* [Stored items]
+--

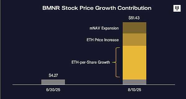 唯一的原因是:股民相信通過 BMNR 股票獲得的“0.01ETH”,最終會比直接持有 0.01ETH 更有價(jià)值, 也就是通過持有BMNR股票不僅直接可以獲得其代表的ETH份額,還可能獲得ETH本位的增值。
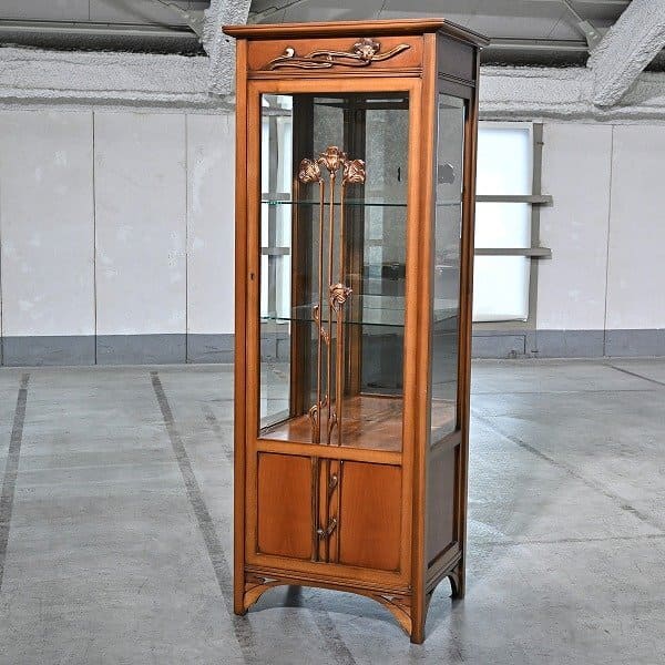繊細な木彫が美しく調和した、上質なガラスキャビネットです。
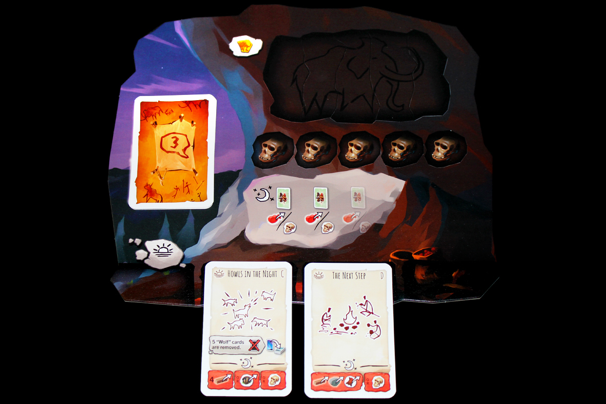 Paleo попада и в двете категории, но в нея вместо геймплеят да се накъсва с четене на епизоди и взимане на решения, историята се разгръща пред играчите на базата на първия описан метод – посредством тяхното собствено интерпретиране на случващото се. Например след преодоляването на една от картите с опасност получавате копие. Но ако се загледате в заглавието и илюстрацията на картата, може да си представите как групата ви е нападната от освирепял отшелник и след като го побеждавате, взимате копието му. Самото условие за победа, завършването на пещерната рисунка, е една метафора за оцеляването на племето във времето и препятствията, през които то е преминало. Един от любимите ми примери е картата „Howls in the Night„, или „Вой в нощта„, която има на илюстрацията си пет вълка и изисква всяка нощ да даваме ресурси или капан, за да не умре някой от племето. Тези елементи доста ясно описват, че в околностите има глутница вълци, които нападат хората всяка нощ. Но ако играчите успеят да премахнат пет карти с вълци, то те могат да се отърват тази карта, което е просто начин играта да ни разкаже, че сме успели да изловим тези вълци и те вече не тероризират племето.
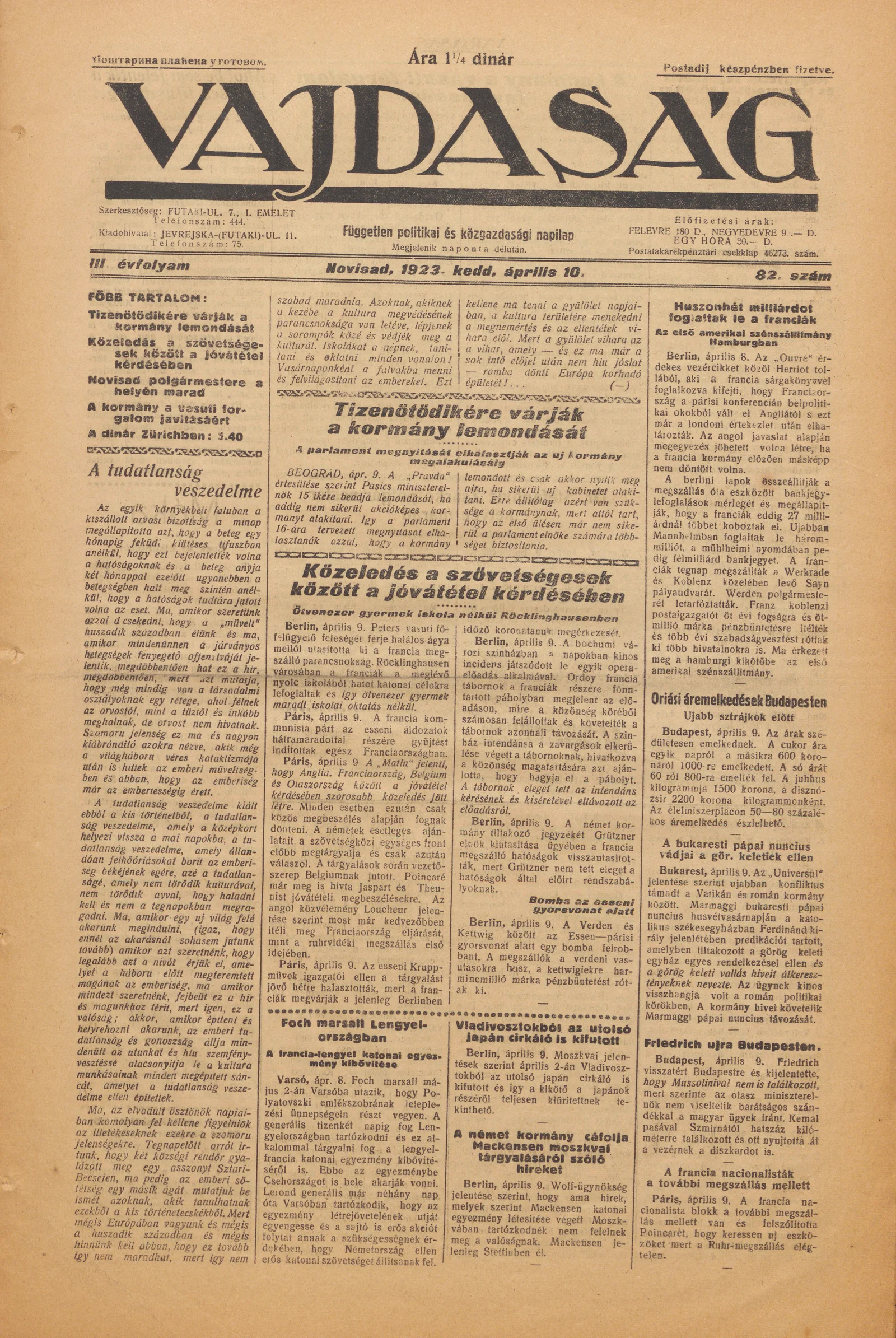 Vajdaság, 3. évf. 1923. április 10. 82. sz.
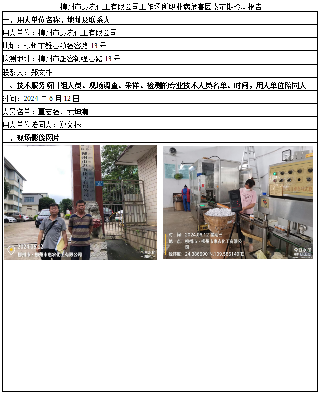 柳州市惠農(nóng)化工有限公司工作場所職業(yè)病危害因素定期檢測報告
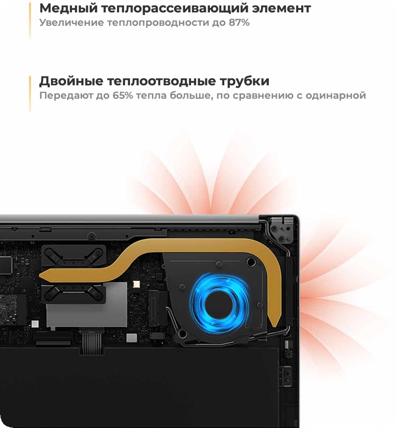 RedmiBood Air 13 оснащен кулером с системой двойного охлаждения. Вентилятор с особой формой лопастей и двойными теплоотводными трубками эффективно рассеивает тепло, снижая температуру нижней поверхности ноутбука.
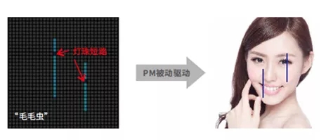 如果有1颗灯珠损坏短路,就会导致整行或整列的灯珠常亮,俗称“毛毛虫”。
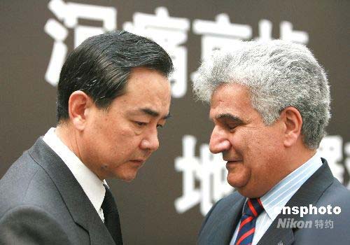 歐盟駐華大使塞日·安博前往吊唁時,與中國外交部副部長王毅握手致意,言辭悲切。中新社發 廖文靜 攝
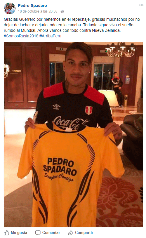 Facebook: Paolo Guerrero sorprende posando con propaganda de candidato a la alcaldía Pedro Spadaro [FOTO]
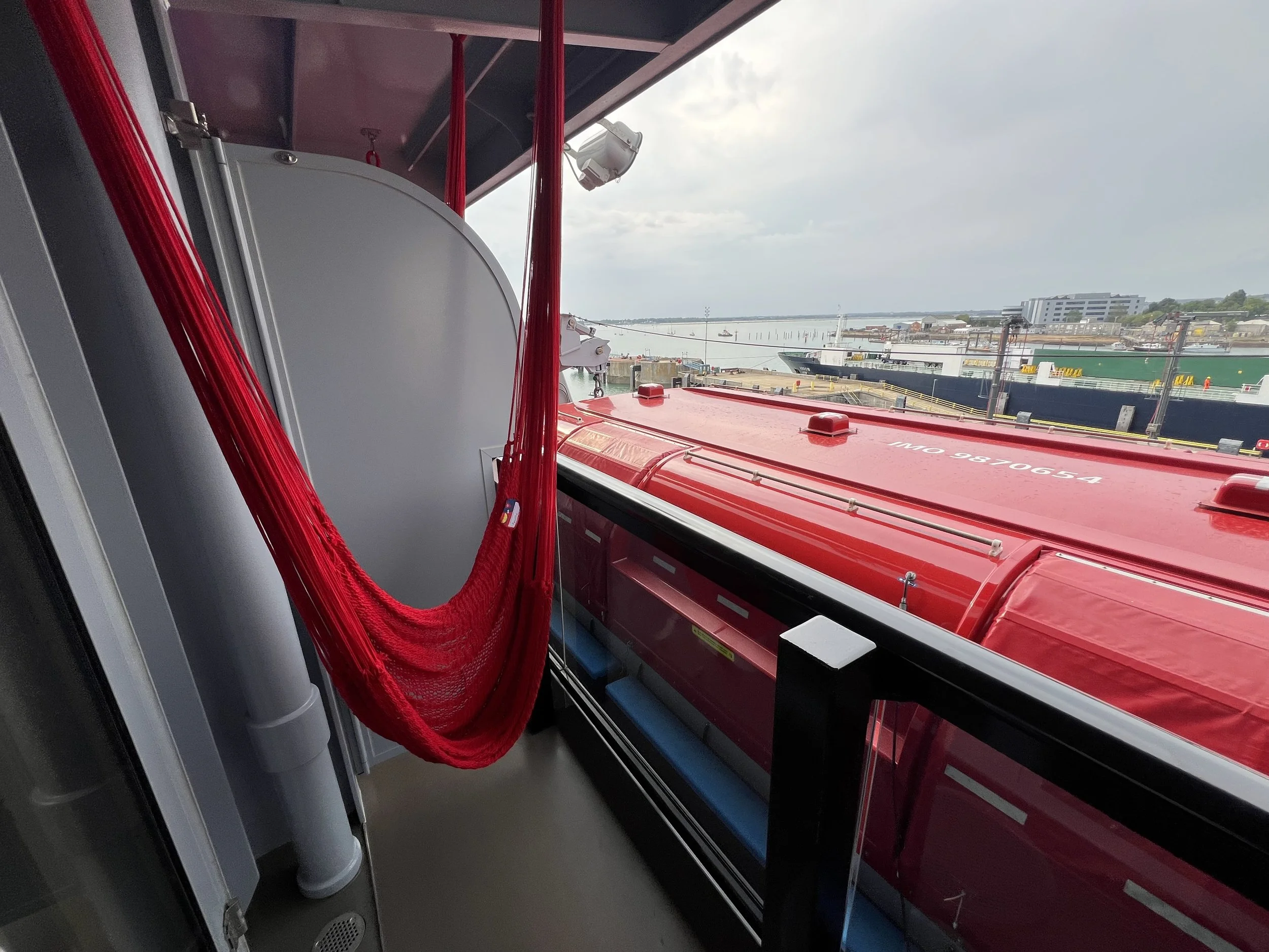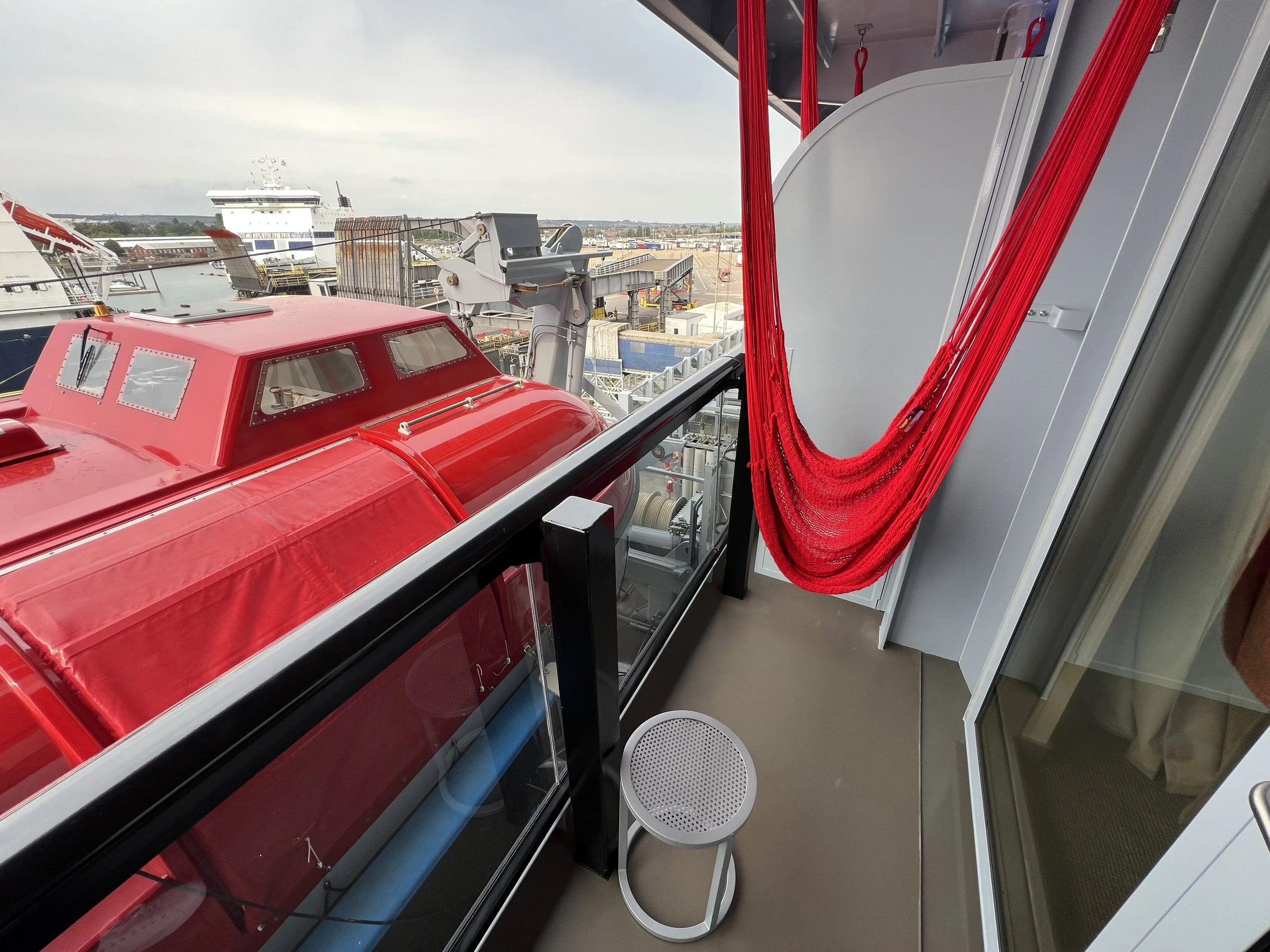 In all honesty, the balcony in these cabins is a lot smaller than the regular Sea Terraces. A typical Sea Terrace balcony is usually around 40 square feet, and this new variety comes in between 9 and 11 square feet. This means that there isn’t enough room for chairs out there, but Virgin Voyages have compensated by offering two hammocks instead - a fair offer, in my opinion. I guess these are offered instead as they don’t take up any space at all really - they’re just ropes, at the end of the day!

+--

* [Work item] Start at the line holding "Vajdaság, 3. évf. 1923. április 10. 82. sz." and stop at the last line of the entries above. Repeat those lines exactly, pictures excluded.

* [Solution to the problem]
 Vajdaság, 3. évf. 1923. április 10. 82. sz.
 柳州市惠農(nóng)化工有限公司工作場所職業(yè)病危害因素定期檢測報告
 RedmiBood Air 13 оснащен кулером с системой двойного охлаждения. Вентилятор с особой формой лопастей и двойными теплоотводными трубками эффективно рассеивает тепло, снижая температуру нижней поверхности ноутбука.
 如果有1颗灯珠损坏短路,就会导致整行或整列的灯珠常亮,俗称“毛毛虫”。
 歐盟駐華大使塞日·安博前往吊唁時,與中國外交部副部長王毅握手致意,言辭悲切。中新社發 廖文靜 攝
 Facebook: Paolo Guerrero sorprende posando con propaganda de candidato a la alcaldía Pedro Spadaro [FOTO]
 In all honesty, the balcony in these cabins is a lot smaller than the regular Sea Terraces. A typical Sea Terrace balcony is usually around 40 square feet, and this new variety comes in between 9 and 11 square feet. This means that there isn’t enough room for chairs out there, but Virgin Voyages have compensated by offering two hammocks instead - a fair offer, in my opinion. I guess these are offered instead as they don’t take up any space at all really - they’re just ropes, at the end of the day!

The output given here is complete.